**** Data provided ****

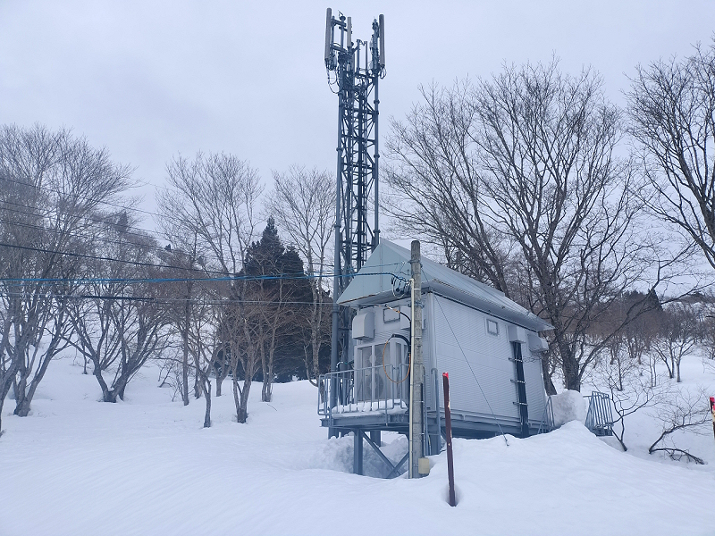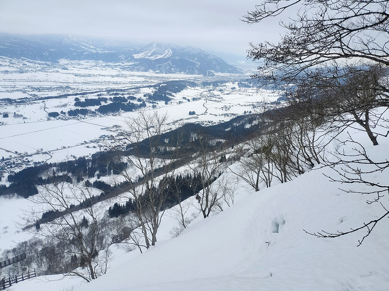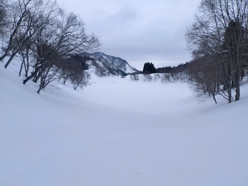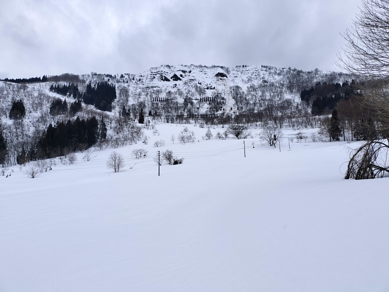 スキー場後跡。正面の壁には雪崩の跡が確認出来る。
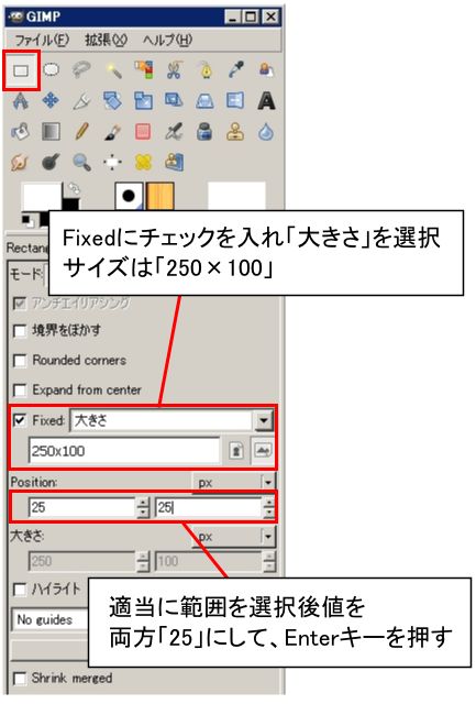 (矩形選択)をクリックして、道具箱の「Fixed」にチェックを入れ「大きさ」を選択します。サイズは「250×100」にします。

****
**** Data provided ****

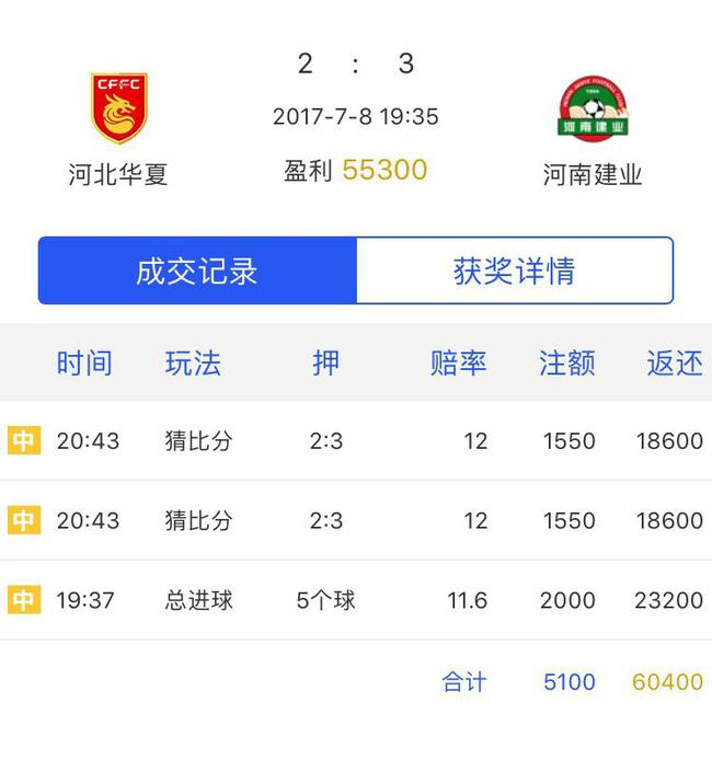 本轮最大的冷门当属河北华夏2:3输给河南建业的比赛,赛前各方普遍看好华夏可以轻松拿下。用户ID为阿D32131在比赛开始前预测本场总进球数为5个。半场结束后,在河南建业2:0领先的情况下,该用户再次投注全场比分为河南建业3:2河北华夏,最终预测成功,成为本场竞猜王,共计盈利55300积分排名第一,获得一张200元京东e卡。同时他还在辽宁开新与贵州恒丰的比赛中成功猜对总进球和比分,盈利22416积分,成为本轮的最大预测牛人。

****

What are the lines in the records above, word for word, from the one containing "スキー場後跡。正面の壁には雪崩の跡が確認出来る。" through the one containing "(矩形選択)をクリックして、", both ends included and pictures left out?

• [Answer space]
 スキー場後跡。正面の壁には雪崩の跡が確認出来る。
 (矩形選択)をクリックして、道具箱の「Fixed」にチェックを入れ「大きさ」を選択します。サイズは「250×100」にします。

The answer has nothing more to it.